* Work instructions:
Lines holding the string "login" are the ones to copy from this listing.

* Material provided:
- Opening Delimiter -

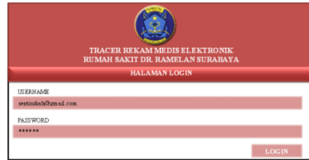
Gambar 3 Halaman login tracer elektronik

Aplikasi tracer rekam medis elektronik ini berdiri sendiri tidak menjadi satu kesatuan dengan SIMRS, dikarenakan aplikasi ini hanya digunakan sebagai penanda bawah rekam medis tersebut keluar dari rak penyimpanan. Untuk dijadikan laporan terkait permintaan file, itu sudah ada pada SIMRS nya sendiri pada menu permintaan file. Untuk halaman login ini petugas memasukkan username dan password yang sama pada saat login untuk SIMRS Dr. Ramelan Surabaya.
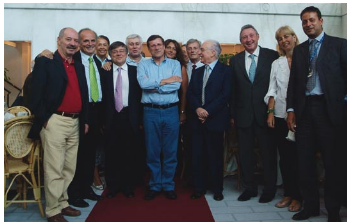
Sopra: foto di gruppo dei partecipanti alla presentazione del “Pedrocchi Concept” al 28° Meeting dei Popoli di Rimini.

- Closing Delimiter -

* Exercise solution:
Gambar 3 Halaman login tracer elektronik
Aplikasi tracer rekam medis elektronik ini berdiri sendiri tidak menjadi satu kesatuan dengan SIMRS, dikarenakan aplikasi ini hanya digunakan sebagai penanda bawah rekam medis tersebut keluar dari rak penyimpanan. Untuk dijadikan laporan terkait permintaan file, itu sudah ada pada SIMRS nya sendiri pada menu permintaan file. Untuk halaman login ini petugas memasukkan username dan password yang sama pada saat login untuk SIMRS Dr. Ramelan Surabaya.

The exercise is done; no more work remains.